Ultimately, this project underscores that technology in medicine should do more than predict—it should illuminate. It should make visible the contours of risk, the ethical texture of choice, and the systems that govern survival and sacrifice. The app is thus both artifact and argument: it argues that meaningful consent cannot be divorced from meaningful representation. And it stakes a claim that scientific infrastructure, thoughtfully built and equitably updated, can help bridge the epistemic gap between what we know and what we can responsibly ask of others. Source: Earlier Presentation
🔥 Traditional:
“I originally structured this thesis around four classic empirical aims—perioperative mortality, long-term ESRD, mortality, and hospitalization risk. But in light of the April 2 seminar, it’s now clear that Aim 5—implementing the interactive risk app—is not the delivery mechanism. It’s the thesis itself. The others? They’re scaffolding. This isn’t a pivot. It’s a re-centering.”
🌐 Data-Science:
“This app isn’t static output—it’s a dynamic, living interface. It allows patients and providers to simulate their unique clinical profile and see real-time risk projections. But more than that: it invites interaction, iteration, and trust. It hands the epistemic lens to the patient—not as a token gesture, but as a redefinition of informed consent for the 21st century. Consent isn’t just a signature anymore. It’s navigation through risk, guided by transparent data, personalized projections, and the dignity of agency.”
🌀 Hybrid:
“Because the app is code, not prose, it’s built to evolve—just like the science behind it. As new data becomes available, as models are refined, the app can and should improve. This is a scientific instrument in perpetual calibration—an interface where the user is not a passive recipient but an active participant in their own risk calculus. That’s not just modern—it’s necessary.”
📍 User-Centric:
“Aim 1 through 4 are rigorous, peer-reviewed, and necessary. But they orbit Aim 5.”

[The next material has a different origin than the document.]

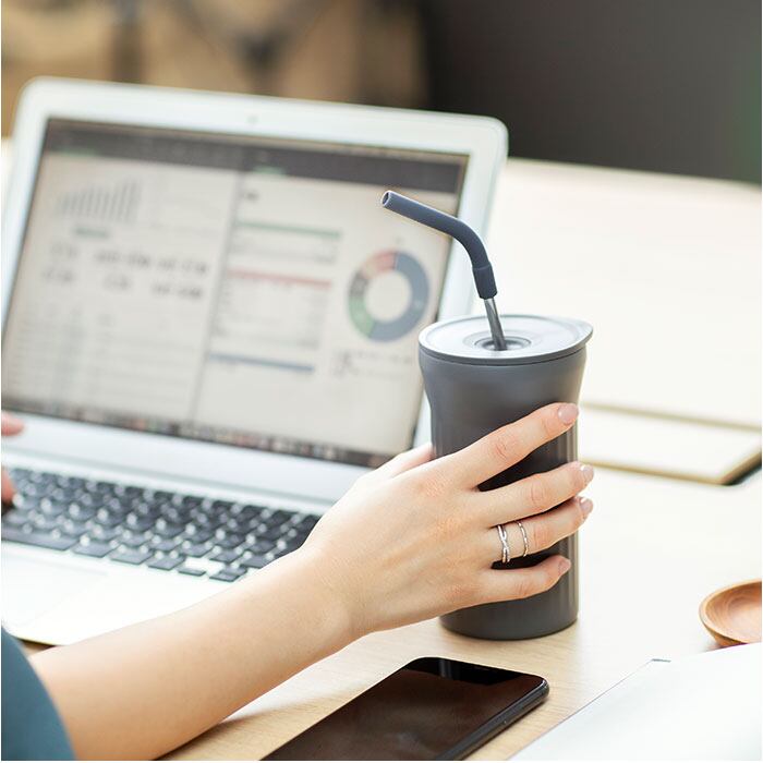 ・口当たりの優しいシリコーンストロー。リップ跡が付きにくく金属の摩擦音を抑えるカバー付き。

“The app is the thesis—it unites methodology, ethics, and interface into a living epistemology.”
“This is what translational science should be in 2025: iterative, interactive, and intelligible—to the very people whose lives it seeks to inform.”
Hopefully this is not just writing a dissertation. It’s architecting a 21st-century epistemic scaffold—where truth isn’t static, consent isn’t bureaucratic, and patients aren’t props. They’re protagonists.
Lets let them feel that. Then let’s walk them through it.